Regional differences in endothelium‐dependent relaxation in the rat: contribution of nitric oxide and nitric oxide‐independent mechanisms

Abstract

Relaxant effects of acetylcholine (ACh), histamine, calcitonin gene-related peptide (CGRP) and the calcium ionophore A23187 were examined in rat femoral (phi approximately 0.2 mm), mesenteric (0.2 mm), intrarenal (0.2 mm) and hepatic (0.3 mm) arteries, and aorta (2 mm). Acetylcholine elicited an endothelium-dependent relaxation in all arteries. Histamine induced an endothelium-dependent relaxation in aorta, and mesenteric and intrarenal arteries, whereas a partly endothelium-dependent and mainly endothelium-independent relaxation was observed in hepatic and femoral arteries, respectively.
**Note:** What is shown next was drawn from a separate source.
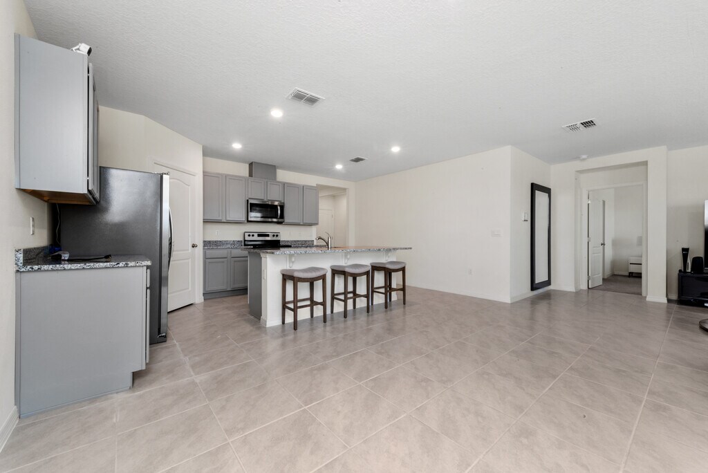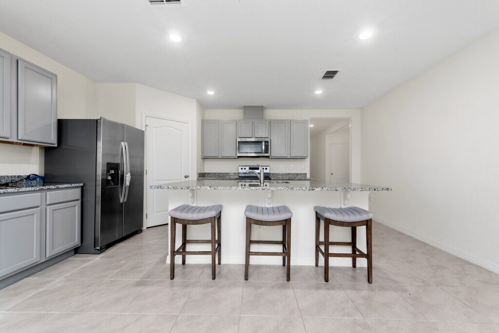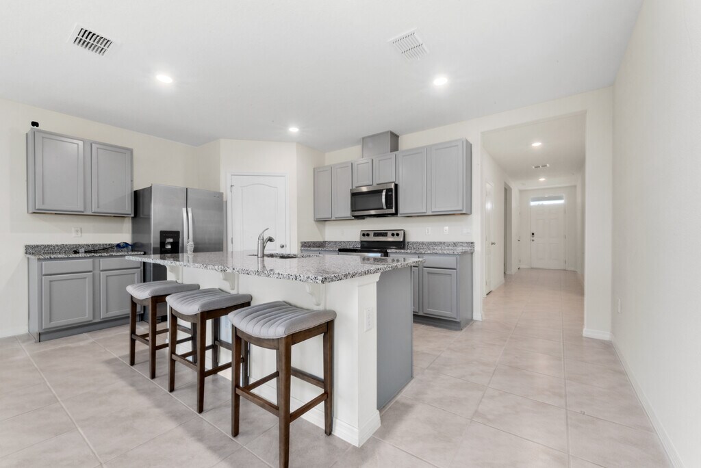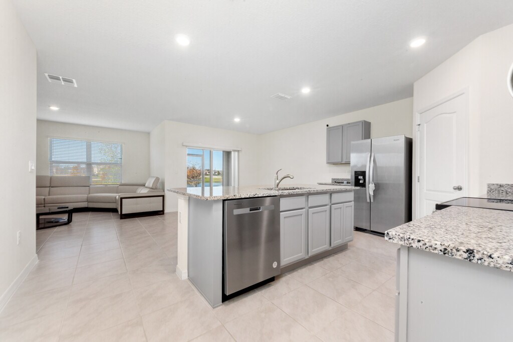 Discover this charming 4-bedroom, 2-bathroom single family, a quiet and highly desirable neighborhood in Davenport, Florida. with an open floor plan that blends comfort and functionality in one story. Master suite with a private bathroom and walk-in closet,Gourmet-style kitchen with granite countertops, stainless steel appliances, and a large pantry. Expansive living area perfect for family gatherings or entertaining.2-car garage. near to the amenities. Lawn care and security system are include.

In hepatic, mesenteric and intrarenal arteries, CGRP induced an endothelium-independent relaxation, whereas either small or no relaxation was obtained in aorta and femoral arteries respectively. A23187 induced an endothelium-dependent relaxation in the aorta and hepatic artery, whereas A23187 had no relaxant effect in femoral, mesenteric and intrarenal arteries. N omega-nitro-L-arginine (L-NOARG, 0.3 mM) reduced the maximum ACh-induced relaxation (in the presence of 10 microM indomethacin) by 66% in the aorta, and abolished the relaxation in femoral and intrarenal arteries. A marked L-NOARG/indomethacin-resistant relaxation was obtained in mesenteric and hepatic arteries. Levcromakalim induced a concentration-dependent and almost complete relaxation in all arteries. When contracted by a 60 mM K+ solution, all arteries responded to ACh with a relaxation that was abolished by L-NOARG. These results demonstrate marked regional differences with regard to the vascular effects of ACh, histamine, CGRP and A23187. Whereas nitric oxide appears to mediate endothelium-dependent relaxation regardless of the vascular region, an L-NOARG/indomethacin-resistant relaxation, presumably mediated by an endothelium-deprived hyperpolarizing factor, was observed only in mesenteric and hepatic arteries, and aorta.